What the task asks: Every picture stays out; everything else in the listing below is to be returned exactly.

Exercise data:

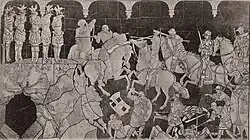 Selbst auf einem Schlüsselwerk wie dem Boden des Doms wird daher auf den Traum von Macht und Größe der Sienesen, damals der größte Staat der Toskana, durch die Kampfszenen des jüdischen Volkes verwiesen, in denen sie ihre eigenen Ereignisse verklären können.[8]
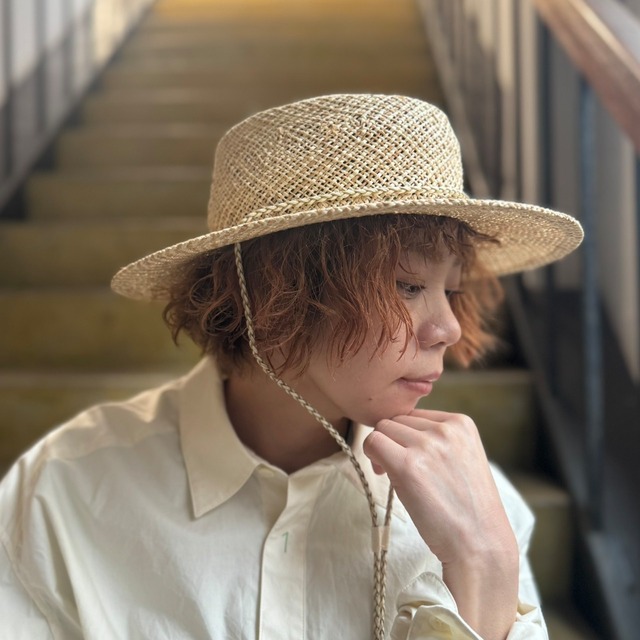 SUBLIMEよりリゾートハット、登場です。 ...................................................... 夏だ!バカンスだ!テンションの上がる季節がやってきます♪ オシャレに紫外線予防を兼ねたオシャレハットです。 シンプルでいてユニセックスで被れる メンズライクなシンプルな麦わらハットとなっています。 風で飛ばないようフリンジ付きな紐も良い雰囲気を醸し出して、 コーデアクセントに良いハットとなっています。 これぞ、夏の必需品♪ 品番:SB261-0414 カラー:ナチュラル(PRAFFIA×PAPER) サイズ:ONESIZE 高さ7.5cm つば長さ8cm 頭まわり56.5cm 着用モデル:154cm 本体:天然草木(ラフィア) 副資材:分類外繊維(紙)100% ヒモ:合成皮革 中国製
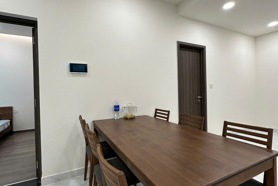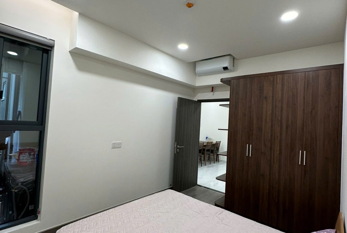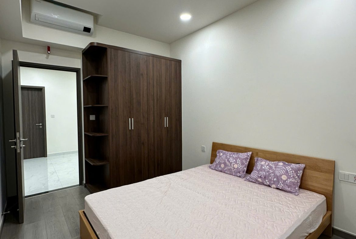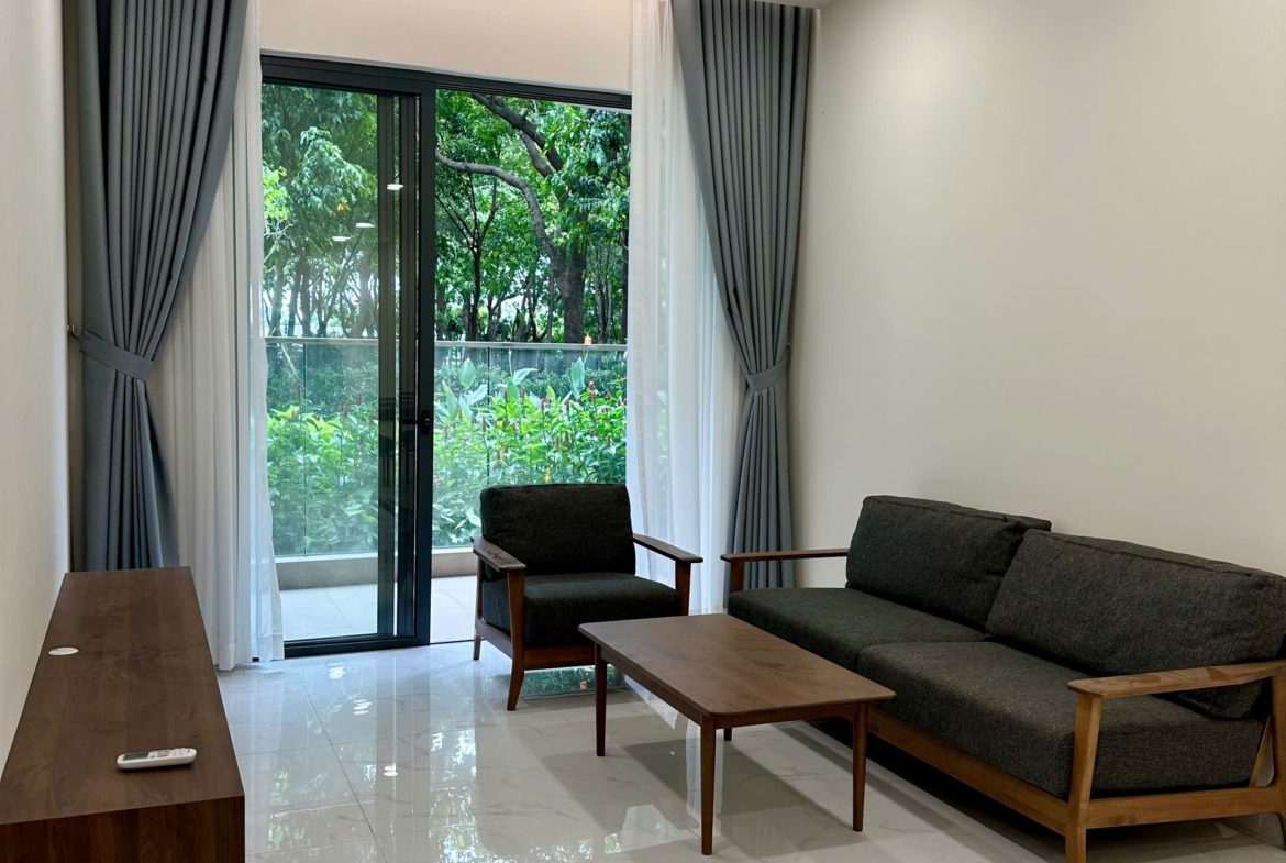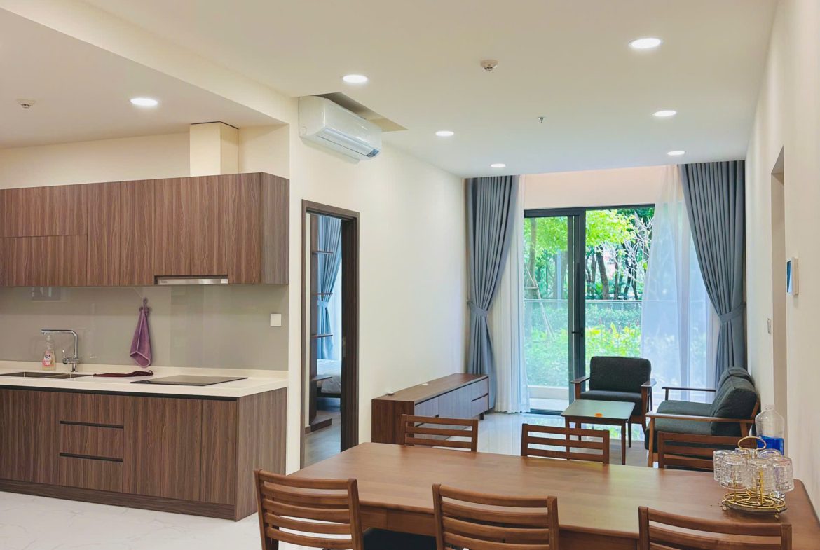 Căn hộ đã được trang bị đầy đủ nội thất: Sofa, bàn trà, bàn ăn, giường ngủ, tủ quần áo, tủ bếp, bếp điện từ, điều hòa, máy nước nóng, tủ giày, rèm cửa, giàn phơi đồ, máy giặt, tivi, kệ tivi, tủ giày…

Answer:
 Selbst auf einem Schlüsselwerk wie dem Boden des Doms wird daher auf den Traum von Macht und Größe der Sienesen, damals der größte Staat der Toskana, durch die Kampfszenen des jüdischen Volkes verwiesen, in denen sie ihre eigenen Ereignisse verklären können.[8]
 SUBLIMEよりリゾートハット、登場です。 ...................................................... 夏だ!バカンスだ!テンションの上がる季節がやってきます♪ オシャレに紫外線予防を兼ねたオシャレハットです。 シンプルでいてユニセックスで被れる メンズライクなシンプルな麦わらハットとなっています。 風で飛ばないようフリンジ付きな紐も良い雰囲気を醸し出して、 コーデアクセントに良いハットとなっています。 これぞ、夏の必需品♪ 品番:SB261-0414 カラー:ナチュラル(PRAFFIA×PAPER) サイズ:ONESIZE 高さ7.5cm つば長さ8cm 頭まわり56.5cm 着用モデル:154cm 本体:天然草木(ラフィア) 副資材:分類外繊維(紙)100% ヒモ:合成皮革 中国製
 Căn hộ đã được trang bị đầy đủ nội thất: Sofa, bàn trà, bàn ăn, giường ngủ, tủ quần áo, tủ bếp, bếp điện từ, điều hòa, máy nước nóng, tủ giày, rèm cửa, giàn phơi đồ, máy giặt, tivi, kệ tivi, tủ giày…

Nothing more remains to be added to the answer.